Проводив Караулина, Ковалев прошелся по кабинету, остановился у окна.
— Ишь ты, развоевался, искоренитель чукотской старины! — сказал он с сердцем и попросил пригласить в кабинет Шельбицкого, бухгалтера-ревизора районной торговой конторы.
Вскоре Шельбицкий уже сидел у стола секретаря райкома. Худое, замкнутое лицо его, с длинным узким носом, с близко посаженными, всегда настороженными глазами, выражало страдание.
— Сергей Яковлевич, все это я прекрасно понимаю, я сам люблю старика Митенко, но государственная копейка есть государственная копейка. — Шельбицкий развел худосочными руками, как бы говоря: ничего здесь поделать не могу.
— Это очень похвально, что вы так бережете государственную копейку. — Ковалев попытался глянуть Шельбицкому прямо в глаза, но тот упорно отводил взгляд в сторону. — Однако же оценивать судьбу честного человека в копейку государство наше считает преступлением.
Шельбицкий вскинул брови и, наконец, на какое-то мгновенье встретился со взглядом Ковалева.
— Простите, Сергей Яковлевич, но я вас не понимаю.
— Сейчас поймете. Насколько мне теперь понятно, недостача у Митенко насчитывается исключительно по углю. А вот скажите, при ревизии точно ли был измерен этот уголь?

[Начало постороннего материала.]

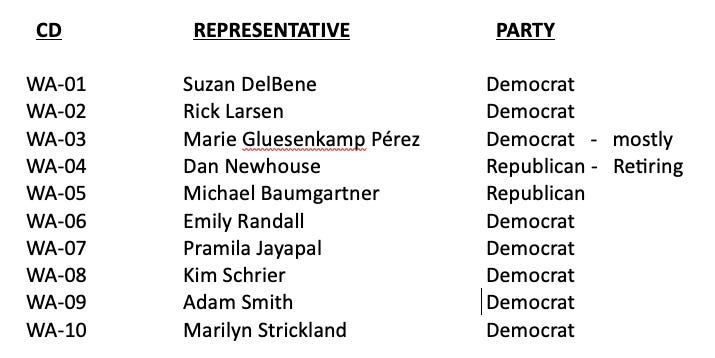 Safe Democrat: WA-01, 02, 06, 07, 09, 10

— До сих пор меня в этом не упрекали. То, что я измеряю, всегда измеряется точно, — с достоинством ответил Шельбицкий и даже попытался забросить ногу на ногу, но тут же одумался.
— А вот скажите… сердце, человеческое сердце, глубину его, вы когда-нибудь пытались измерить? — Секретарь прищурился, и в глазах его мелькнуло что-то холодное, злое. Шельбицкий смущенно прокашлялся, не находя слов, чтобы ответить на неожиданный вопрос.

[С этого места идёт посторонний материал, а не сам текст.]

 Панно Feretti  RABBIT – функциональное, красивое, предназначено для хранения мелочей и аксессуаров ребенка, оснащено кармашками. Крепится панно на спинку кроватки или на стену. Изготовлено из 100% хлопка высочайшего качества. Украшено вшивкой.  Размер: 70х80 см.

— Не пытались, а плохо, — ответил за него секретарь. — Для этого прежде всего свое сердце нужно очень чутко выверить, приняв его, так сказать, за единицу измерения. А оно у вас холодное, как чугунная гиря, и, кстати сказать, видимо куда менее точное.

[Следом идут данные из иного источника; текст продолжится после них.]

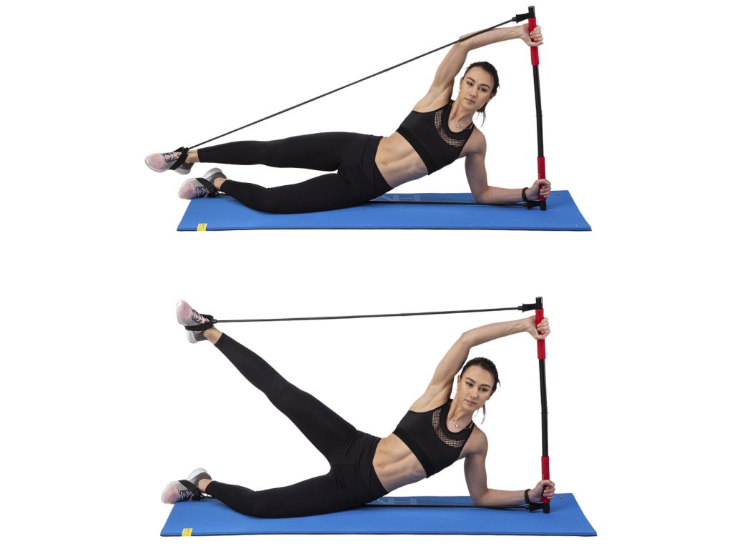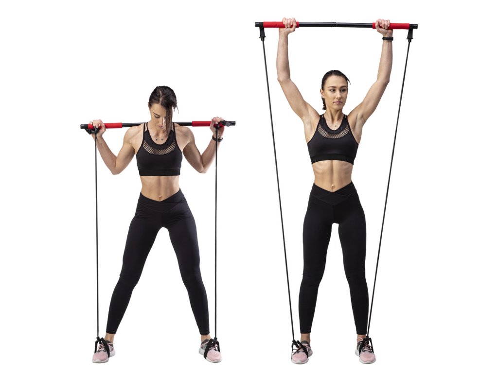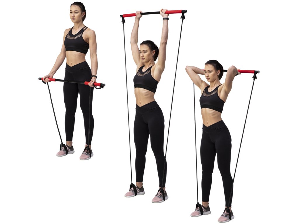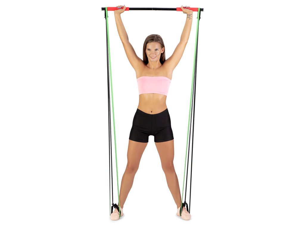 Jako příklad uvadíme cvik, kdy se na tyč postavíte a expadnéry přitahujete směrem k tělu. Případně si rukojeti expandérů nasadíme na chodidal a přitahujeme tyč.

— Помилуйте, товарищ Ковалев, — Шельбицкий крепко вцепился руками за поручни кресла. — Что вы говорите? Ведь… ваши слова граничат… граничат…
— А знаете ли вы, с чем граничит ваш поступок? — Ковалев встал, тяжело опираясь руками о стол. — Ведь вы же честного человека задумали отдать под суд!
— А как же?.. Неужели вы хотите, чтобы я покрывал растратчиков? — Шельбицкий тоже приподнялся над креслом, но тут же опустился, чувствуя себя словно пригвожденным тяжелым взглядом Ковалева.
— Вот что, бухгалтер-ревизор Шельбицкий, — сегодня я говорил по поводу Митенко с директором райторгконторы. Вам будет предложено тщательнейшим образом перемерить уголь, который находится в подотчете Митенко. — Немного помолчав, Ковалев добавил, глядя в лицо бухгалтера с беспощадной насмешливостью. — Учтите, что Митенко пирогами и водкой встречать вас не будет. Уж такой он вредный старик. Пусть это обстоятельство не послужит помехой для ваших измерений. Кроме того, постарайтесь совсем забыть о том, что он справедливо отругал вас однажды на собрании. Помните?
Шельбицкий кашлянул в кулак и крепко потер подбородок. На впалых щеках его выступили красные пятна.
— Ну, спасибо… спасибо… — пробормотал он, поднимаясь с кресла.
Когда бухгалтер проходил через приемную, то заметил в одном из кресел погруженного в тяжелую задумчивость старика Митенко.
«И его вызвал, сейчас успокаивать будет». Шельбицкий втянул голову в плечи и вышел, громко хлопнув за собой дверью.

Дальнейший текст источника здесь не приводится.